Bauern sind wichtige Stimmenlieferanten. Wähler aus der Landwirtschaft wählen Vertreter und Vertreterinnen ihrer eigenen Branche – ungeachtet dessen, ob deren Parteizugehörigkeit mit der eigenen politischen Gesinnung übereinstimmt. So verbuchte 2015 Bauernpräsident Markus Ritter (CVP) am meisten Stimmengewinne über die eigene Partei hinaus. Auf den Plätzen zwei und drei folgten die Landwirte Büchler (CVP) und Müller (FDP). «Landwirtschaftsvertreter sind offensichtlich gut vernetzt, stellen sich für öffentliche Ämter zur Verfügung und können hervorragend mobilisieren», stellt auch FDP-Präsident Frei fest. Deshalb entsendeten wohl auch andere bürgerliche Parteien seit Jahren «Landwirte oder bauernahe Personen wie den Olma-Direktor nach Bern», sagt er mit Seitenblick auf die CVP. Bei ihr war Anfang Jahr Nicolo Paganini für den zurücktretenden Schäniser Bauer Büchler nachgerückt.

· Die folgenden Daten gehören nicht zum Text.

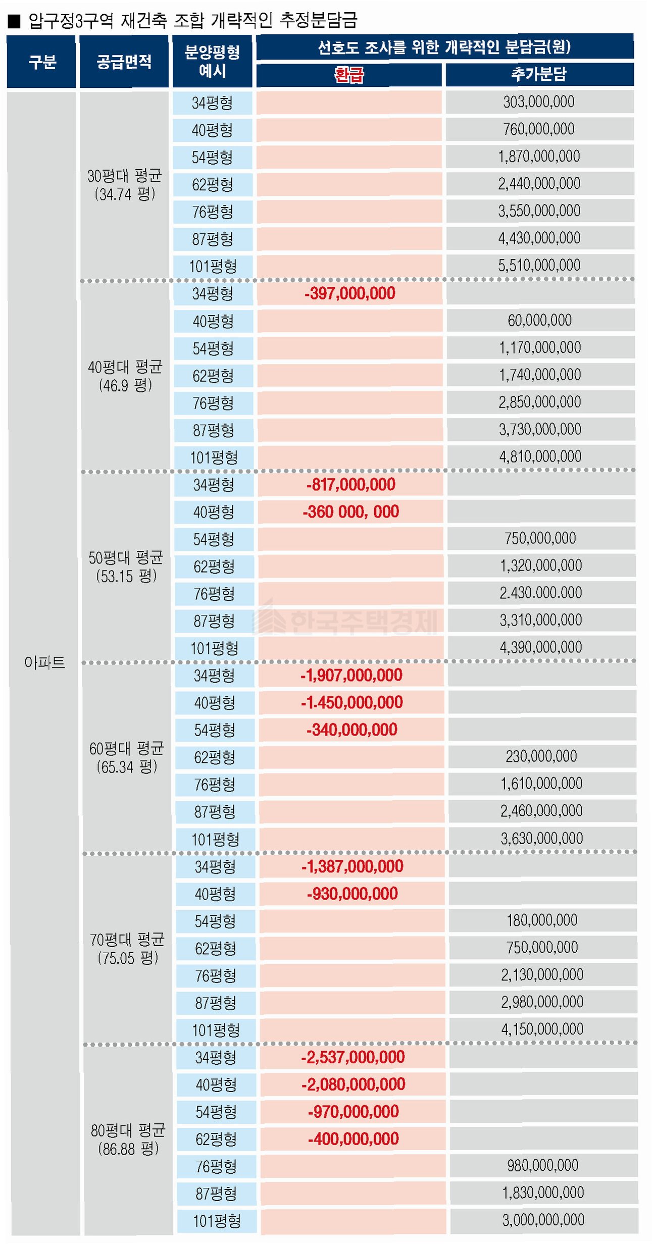 최근 정비업계에 따르면, 압구정4구역의 경우 30평대 아파트 조합원이 재건축 후 비슷한 평형대의 새 아파트를 분양받기 위해 최대 10억 원이 넘는 분담금을 내야 하는 상황입니다. 이는 압구정 재건축의 현실을 적나라하게 보여주는 지표입니다. 집 크기를 줄여도 10억 원이 넘는 분담금을 감당해야 할 수도 있습니다. 69평 조합원이 59평을 분양받더라도 분담금은 12억 5천만 원에 달합니다.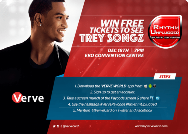Verve Card is offering one lucky person the chance to win a free ticket to Pepsi’s Rhythm Unplugged concert this Friday, at the Eko Hotel and Suites, Victoria Island, Lagos. The highly anticipated event is set to feature live performances from American music artiste, Trey Songz.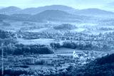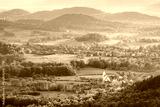 Sudetes, Lower Silesia Poland. Rural landscape made with telephoto lens on sunset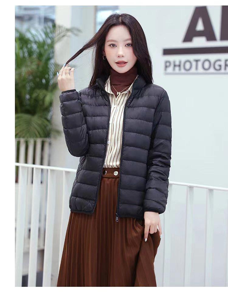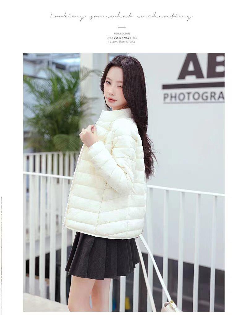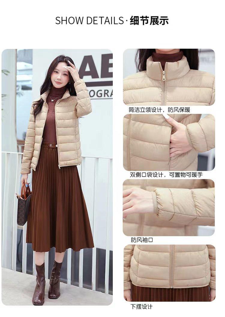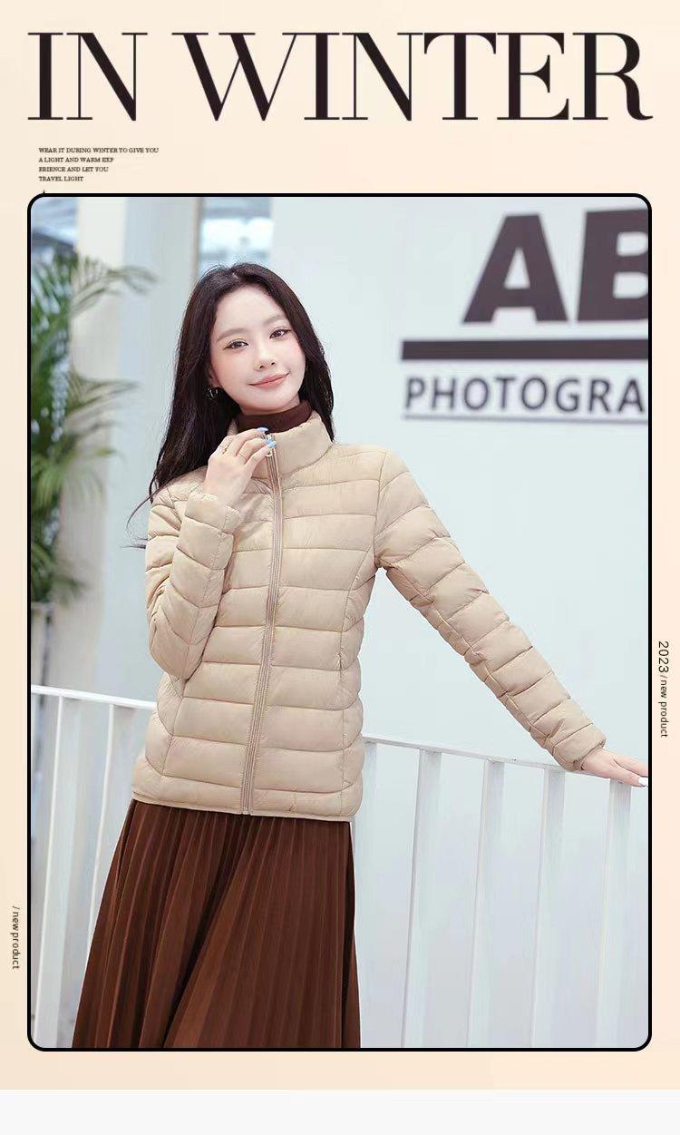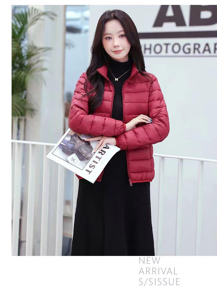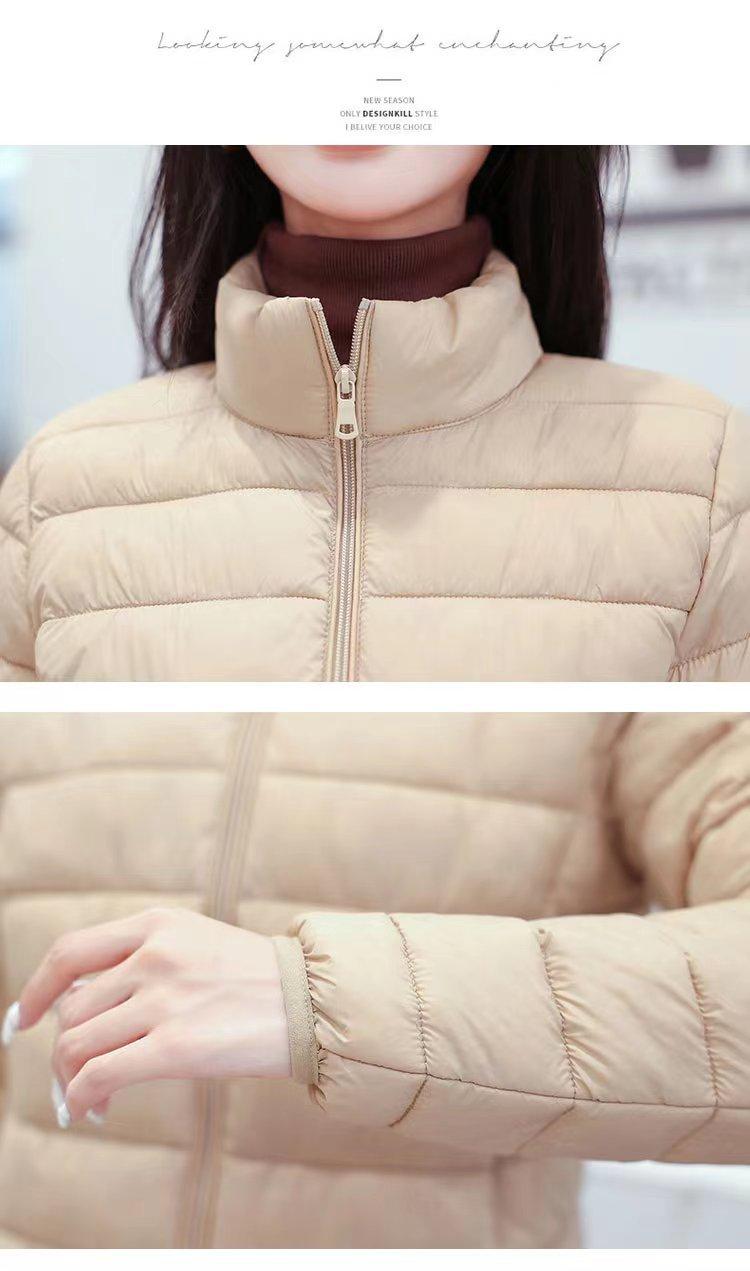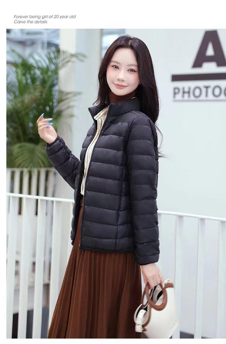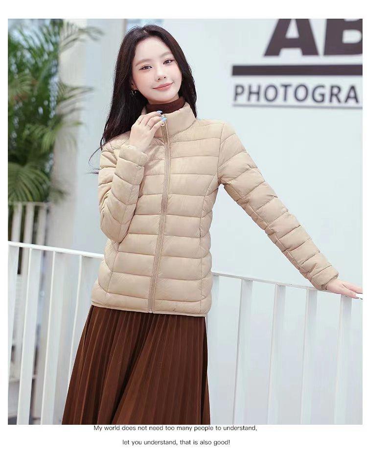 Abrigo de Algodón Ligero Nuevo para Otoño e Invierno 2025 para Mujer, Corto, Ajustado, con Cuello Alto, Chaqueta de Algodón Pequeña de Color Sólido, Más Fácil de Combinar, Chaqueta de Algodón Ajustada

Heute ist einer der beiden freisinnigen Nationalratssitze mit einem Bauer besetzt. Vermittelt dies nicht ein falsches Bild der Unternehmerpartei im Kanton? Der Parteipräsident verneint: «Wir sind stolz, dass Bäuerinnen und Bauern den Freisinn, unsere Werte und unsere Kandidaten wählen.» Nationalrat Müller sei früher einmal Präsident des St. Galler Bauernverbandes gewesen, und auch der aktuelle Präsident Peter Nüesch sei ein Freisinniger. «Hinweise, die belegen, dass die Landwirtschaft im Freisinn gut vertreten ist und umgekehrt», so Frei. Böse Zungen behaupten denn auch: Wäre nicht Locher, sondern Stefan Britschgi erster Ersatz, hätte sich Müller längst aus der nationalen Politik verabschiedet. Britschgi, Gemüsebauer aus Diepoldsau, war in den nationalen Wahlen 2015 auf dem dritten Ersatzplatz gelandet, hinter dem heutigen Regierungsrat Marc Mächler. Wie die Rangfolge im Herbst 2019 lauten wird, steht in den Sternen. Möglicherweise ist es auch belanglos – dann nämlich, wenn sich Müller an SP-Ständerat Paul Rechsteiner orientiert und eine weitere Amtsdauer anhängt. Der Azmooser wäre am Ende seiner fünften Legislatur in Bern dann 75.